▶ **What you should do**: Below are some records. Print exactly the lines between the one holding "The Forest Products Forum had" and the one holding "Real-time transfer of point coordinates", inclusive, and nothing else.

▶ **Records to process**:

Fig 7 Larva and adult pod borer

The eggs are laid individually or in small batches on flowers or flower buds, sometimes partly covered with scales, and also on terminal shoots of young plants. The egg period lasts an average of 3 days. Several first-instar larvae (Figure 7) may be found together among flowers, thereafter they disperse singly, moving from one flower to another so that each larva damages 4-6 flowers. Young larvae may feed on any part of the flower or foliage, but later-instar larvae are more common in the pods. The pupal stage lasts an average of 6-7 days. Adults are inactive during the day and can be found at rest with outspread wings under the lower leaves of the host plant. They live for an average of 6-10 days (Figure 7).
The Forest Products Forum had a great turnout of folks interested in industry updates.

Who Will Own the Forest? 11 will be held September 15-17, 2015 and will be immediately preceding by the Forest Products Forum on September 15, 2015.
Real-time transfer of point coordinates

==

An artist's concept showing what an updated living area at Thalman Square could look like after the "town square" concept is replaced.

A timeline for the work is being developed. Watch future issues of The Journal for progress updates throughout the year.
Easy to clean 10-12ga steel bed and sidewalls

▶ **Final answer**:
The Forest Products Forum had a great turnout of folks interested in industry updates.

Who Will Own the Forest? 11 will be held September 15-17, 2015 and will be immediately preceding by the Forest Products Forum on September 15, 2015.
Real-time transfer of point coordinates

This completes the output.